DCGはこの混乱に対応して減配し、株主に自社のバランスシートの強化に注力していると伝えました。
「DCG は現在の市場環境に対応するため、営業費用の削減と流動性の確保によるバランスシートの 強化に注力してまいりました。そのため、追って通知があるまでDCGの四半期配当の分配を停止することを決定しました。」とDCGは火曜日に発表しました。
暗号にとって何を意味するのか?
市場全体としては、これはFTXの破綻という大惨事の続きに過ぎません。FTXのバランスシートに80億ドルの穴が開いていることから、伝染は常に避けられないものでした。実際のところ、暗号化産業がこのような事態に持ちこたえたことは、やや驚きです。
ビットコインは前年比25%増、ETHは27%増で、いずれも倒産前とほぼ同じ水準で取引されています。マクロ環境は数ヶ月前よりも少し楽観的になっています。
危機の真っ只中に戻ると、ビットコインはぐらついたものの、15,000ドル以上を堅持しました。
おそらく、ここでの最大の影響は暗号の評判に打撃を与え続けることです。 このような状況下において、暗号の評判が引き続き悪化していることです。
世界経済は、高金利の負担が市場から流動性を奪い続け、景気後退の瀬戸際に立たされています。さらにここ数ヶ月は明るい兆しが見えていたにもかかわらず、世界的に生活費危機が進行し、インフレは高止まりしています。ヨーロッパでの戦争という小さな問題もあります。

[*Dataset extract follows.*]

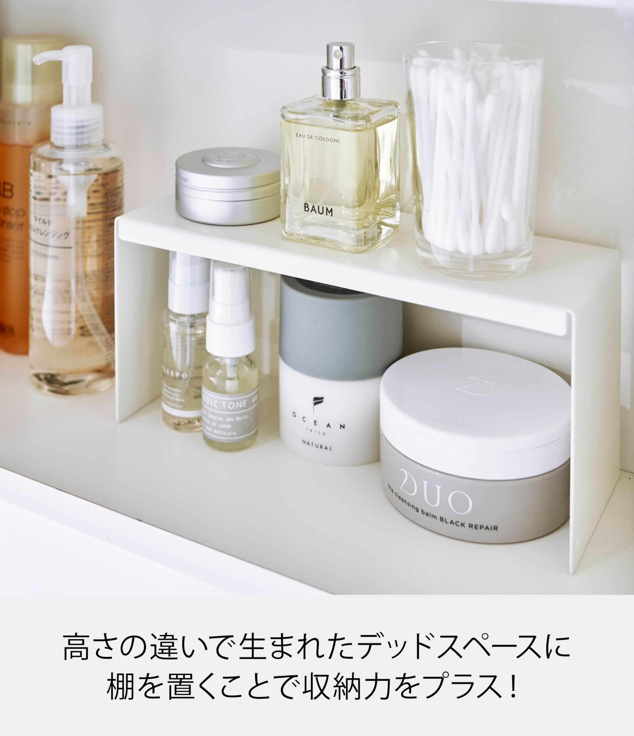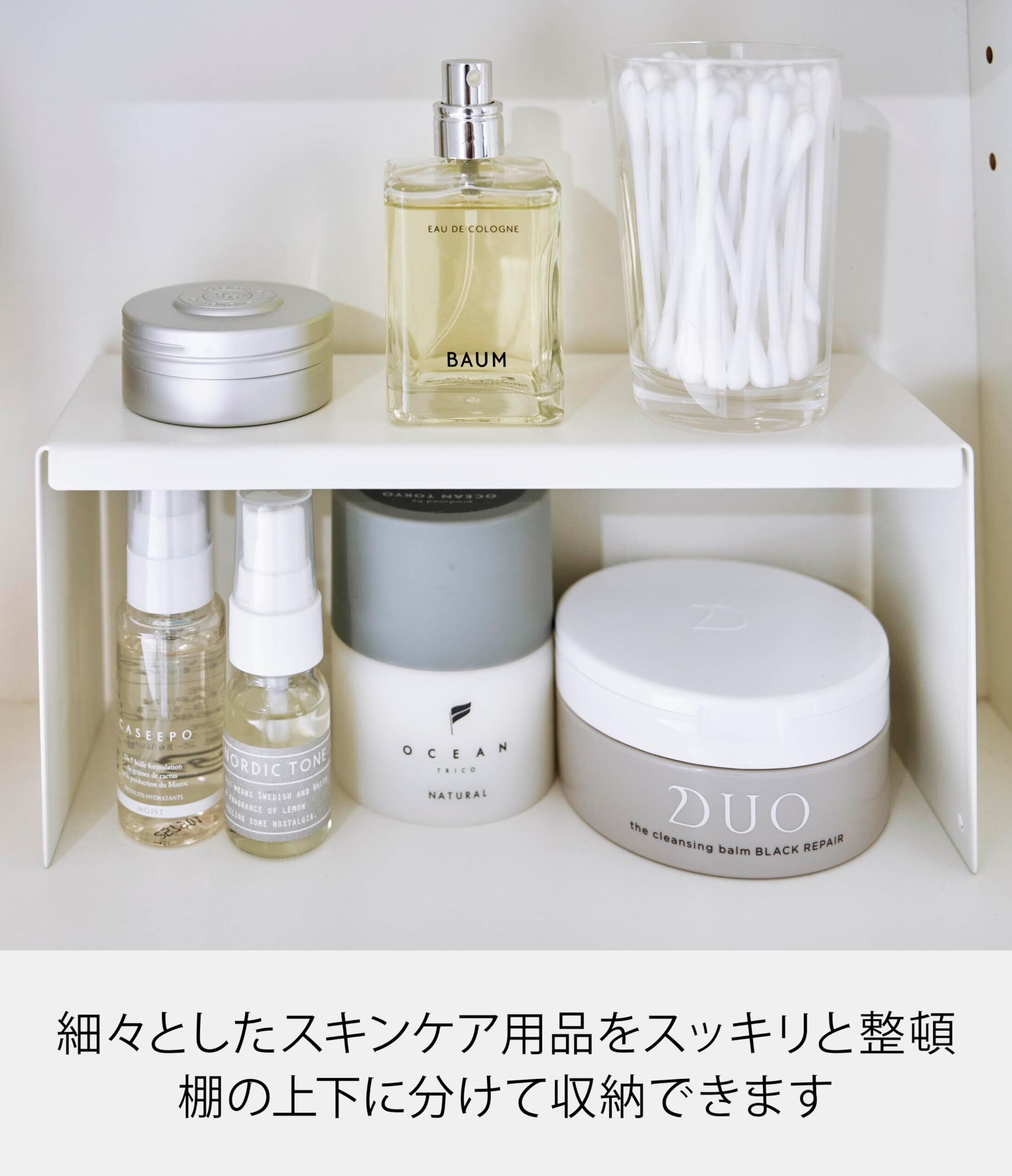 細々としたスキンケア用品を棚の上下に分けて収納できます。

これらは市場にとって大きな課題であり、全般的に価格を抑制しています。不確実性は2008年の金融危機以来、最も高い水準にありますが、これらの大きな逆風に加え、暗号は自らを傷つけ続け、混乱に拍車をかけています。
投資家は2022年の不祥事からの洗い出しで、これ以上のサプライズがないことを願うでしょう。マクロの状況がいかに悲惨であるか、これ以上の自業自得は望みません。